:: Activity ::
Beginning with the line below that contains "Bolsa original Michael" and ending with the line that contains "4K 20MP Action", retype every line exactly. Pictures are not copied.

:: Data listing ::
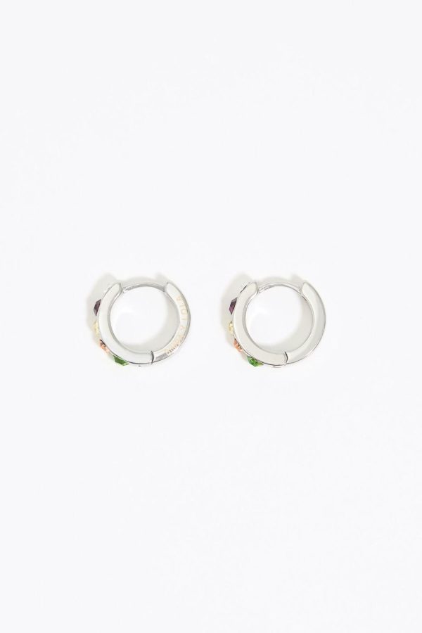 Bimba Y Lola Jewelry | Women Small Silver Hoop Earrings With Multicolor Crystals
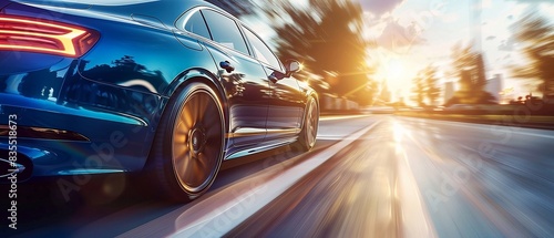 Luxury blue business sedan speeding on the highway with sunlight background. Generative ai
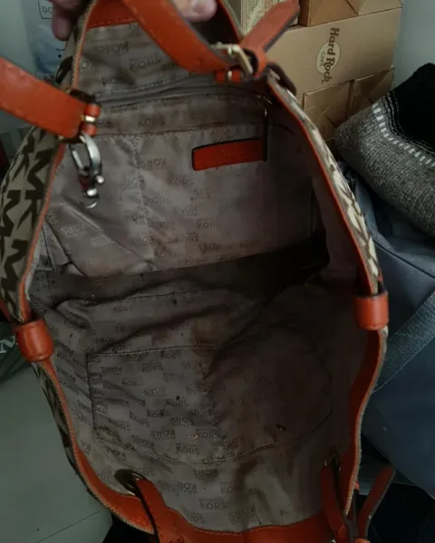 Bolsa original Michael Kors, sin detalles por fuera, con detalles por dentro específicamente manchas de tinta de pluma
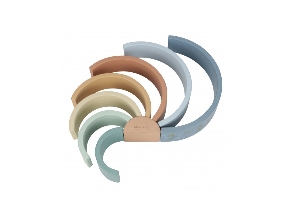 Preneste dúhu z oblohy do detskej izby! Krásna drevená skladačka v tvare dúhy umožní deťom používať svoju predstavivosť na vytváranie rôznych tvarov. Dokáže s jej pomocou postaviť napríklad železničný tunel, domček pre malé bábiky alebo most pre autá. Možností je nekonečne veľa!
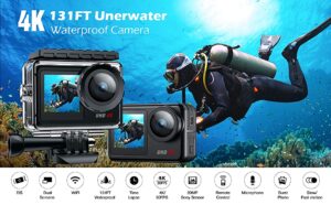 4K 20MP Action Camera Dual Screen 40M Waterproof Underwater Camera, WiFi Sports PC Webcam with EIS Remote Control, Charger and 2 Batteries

...

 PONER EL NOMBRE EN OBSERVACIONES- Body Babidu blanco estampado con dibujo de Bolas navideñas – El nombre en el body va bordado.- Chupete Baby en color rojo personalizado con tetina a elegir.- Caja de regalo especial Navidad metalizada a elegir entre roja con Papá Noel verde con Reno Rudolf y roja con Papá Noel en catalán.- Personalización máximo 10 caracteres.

:: Response to this exercise ::
 Bolsa original Michael Kors, sin detalles por fuera, con detalles por dentro específicamente manchas de tinta de pluma
 Preneste dúhu z oblohy do detskej izby! Krásna drevená skladačka v tvare dúhy umožní deťom používať svoju predstavivosť na vytváranie rôznych tvarov. Dokáže s jej pomocou postaviť napríklad železničný tunel, domček pre malé bábiky alebo most pre autá. Možností je nekonečne veľa!
 4K 20MP Action Camera Dual Screen 40M Waterproof Underwater Camera, WiFi Sports PC Webcam with EIS Remote Control, Charger and 2 Batteries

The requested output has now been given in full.